The shift from an extrinsic to an intrinsic viewpoint required a whole new conception of what a space is; accordingly, Riemann defined the concept of a manifold, which is still used by mathematicians today. It is a set that can be mapped to a Euclidean space on a small scale, just as cartographers map the globe. Riemann further required the mapping functions to be differentiable (or "smooth"); this allows one to use the tools of calculus, such as derivatives and integrals. Finally, Riemann required the manifold to have an infinitesimal distance scale or metric at every point.

Using these few ingredients, Riemann showed how, from the bug's-eye view, to compute every important geometric feature of a space. He showed how to find geodesics (the equivalent of straight lines), and how to compute distances and volumes inside the manifold. Most importantly, he derived a formula for computing the curvature of a space from its metric alone.

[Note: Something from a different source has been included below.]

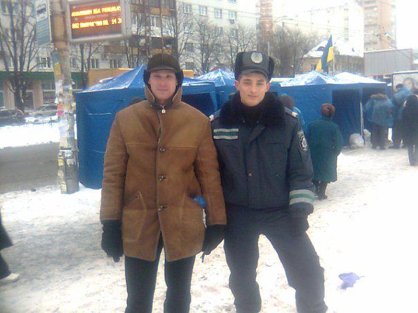 Киевский милиционер Максим Алейник и его неизвестный друг

For a surface (a two-dimensional manifold), the Riemann curvature at any given point turns out to be a single number. For a three-dimensional manifold the Riemann curvature tensor has 6 components, and for a four-dimensional manifold it has 20. These represent the number of distinct measurements an inhabitant of these spaces would need to make in order to determine what kind of space he or she lives in. Ironically, a curve (a one-dimensional manifold) has no curvature at all. More precisely, the bending of a curve is an extrinsic phenomenon governed by the way it is imbedded in space; it is not detectable by a bug living on the curve.

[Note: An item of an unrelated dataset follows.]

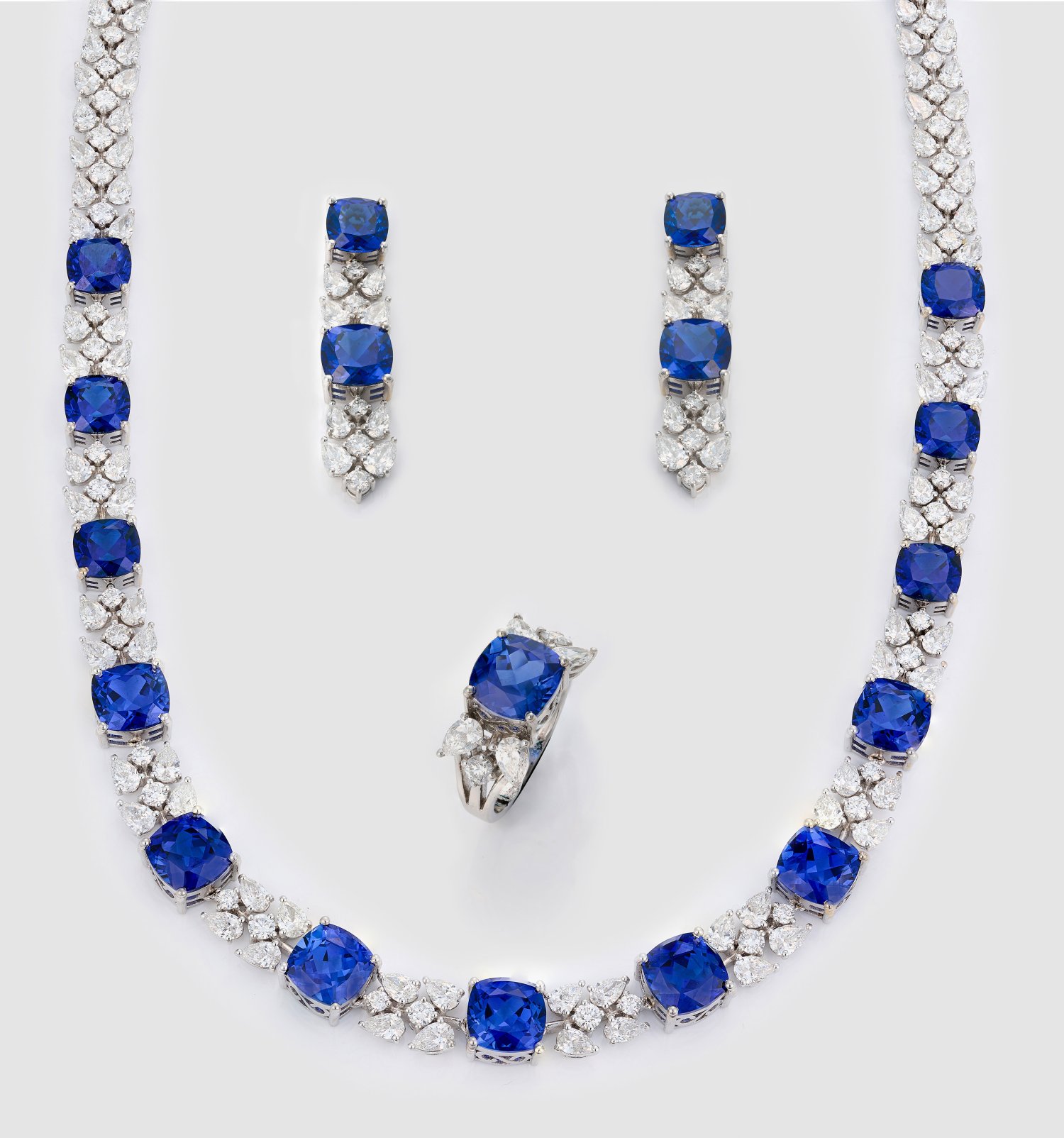 Collier, korrespondierendes Paar Ohrgehänge und Ring. Weißgold, gest. 750. Collier besetzt mit Laboratory Grown Saphiren von zus. ca. 46,30 ct. und Laboratory Grown Diamanten von zus. ca. 24,02 ct. (E-F/vvs-vs) im Pearcut. Paar Ohrgehänge besetzt mit korrespondierenden Saphiren von zus. 14,10 ct. und korrespondierenden Diamanten von zus. 4,24 ct. (E-F/vvs-vs). Ring besetzt mit Laboratory Grown Saphir von zus. ca. 4,10 ct. und Laboratory Grown Diamanten von zus. ca. 1,17 ct. (E-F/vvs-vs) im Pearcut. Ges.-Gew. ca. 79,05 g.

A great triumph of nineteenth-century differential geometry was the Gauss-Bonnet Theorem, which states that the integral of the Riemann curvature over an entire closed surface (or the "total curvature") is always an integer times 2 pi. The total curvature does not change if the surface is deformed, and is therefore a topological invariant of the surface. It is 4 pi if the surface is a sphere, 0 if it is a torus, and so on. In principle, therefore, an inhabitant of a two-dimensional universe can determine the global structure of his or her universe by integrating local measurements.

Riemann's ideas unexpectedly acquired much greater importance when Albert Einstein, in his theory of general relativity, argued that the universe we live in is curved. Geodesics in this curved space are the paths of light rays; the curvature of space gives rise to gravity. Suddenly, to appreciate the importance of differential geometry, we no longer need to imagine bugs living on surfaces; we are the bugs, and the universe is the four-dimensional manifold we would like to know the shape of. In particular, one solution to Einstein's equations for the shape of space leads to the theory of black holes. Another solution leads to the Big Bang model of cosmology.

A short survey cannot possibly do justice to the many developments in Riemannian geometry in the twentieth century. It is worth mentioning that the century has seen a gradual shift of viewpoint, strongly influenced by physics, toward considering the fundamental object in geometry to be not a manifold but a bundle. Bundles are (roughly speaking) manifolds with a vector space attached at every point. The vector space is a sort of repository for electromagnetic, gravitational, and any other fields.